RECORDS TO USE:
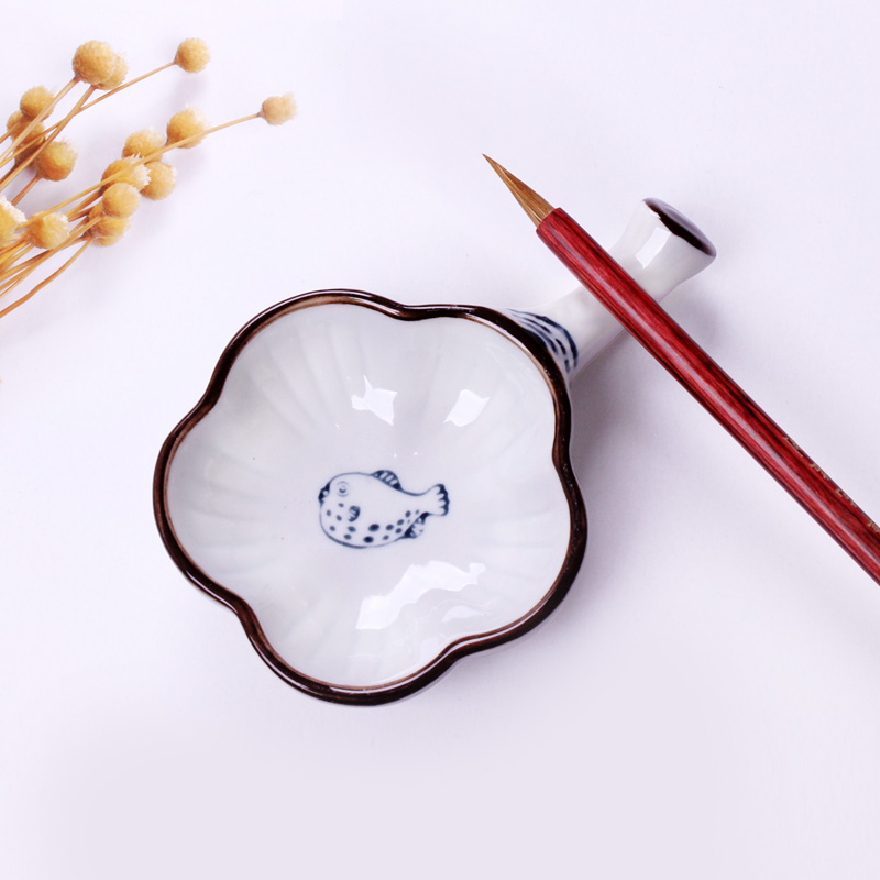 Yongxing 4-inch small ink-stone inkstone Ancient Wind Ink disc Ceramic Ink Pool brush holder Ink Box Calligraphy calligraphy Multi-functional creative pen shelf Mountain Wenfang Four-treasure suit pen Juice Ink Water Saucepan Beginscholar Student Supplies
...
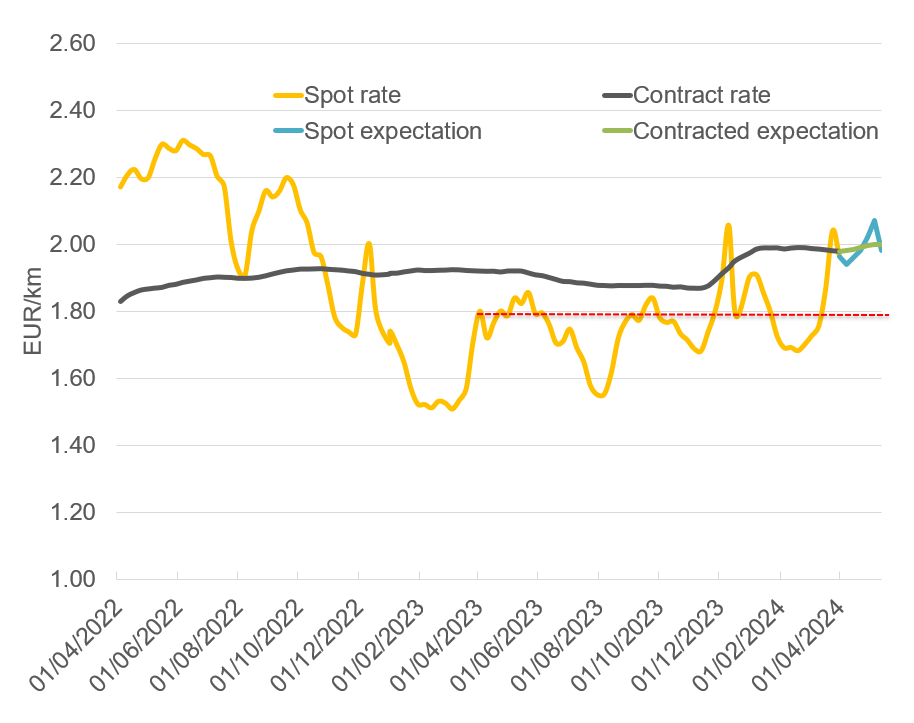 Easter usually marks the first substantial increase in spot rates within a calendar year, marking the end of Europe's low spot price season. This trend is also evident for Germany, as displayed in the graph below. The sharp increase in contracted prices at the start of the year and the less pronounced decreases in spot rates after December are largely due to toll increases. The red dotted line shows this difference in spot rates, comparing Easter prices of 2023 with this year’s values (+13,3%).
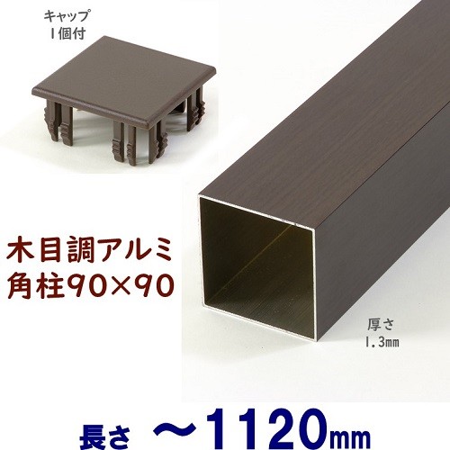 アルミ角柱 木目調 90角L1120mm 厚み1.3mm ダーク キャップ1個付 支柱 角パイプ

EXERCISE REQUIREMENTS: Only the lines between the one with "Easter usually marks" and the one with "アルミ角柱 木目調 90角L1120mm", those two included, get copied from the material above. Keep it exact and free of pictures.

ANSWER SECTION:
 Easter usually marks the first substantial increase in spot rates within a calendar year, marking the end of Europe's low spot price season. This trend is also evident for Germany, as displayed in the graph below. The sharp increase in contracted prices at the start of the year and the less pronounced decreases in spot rates after December are largely due to toll increases. The red dotted line shows this difference in spot rates, comparing Easter prices of 2023 with this year’s values (+13,3%).
 アルミ角柱 木目調 90角L1120mm 厚み1.3mm ダーク キャップ1個付 支柱 角パイプ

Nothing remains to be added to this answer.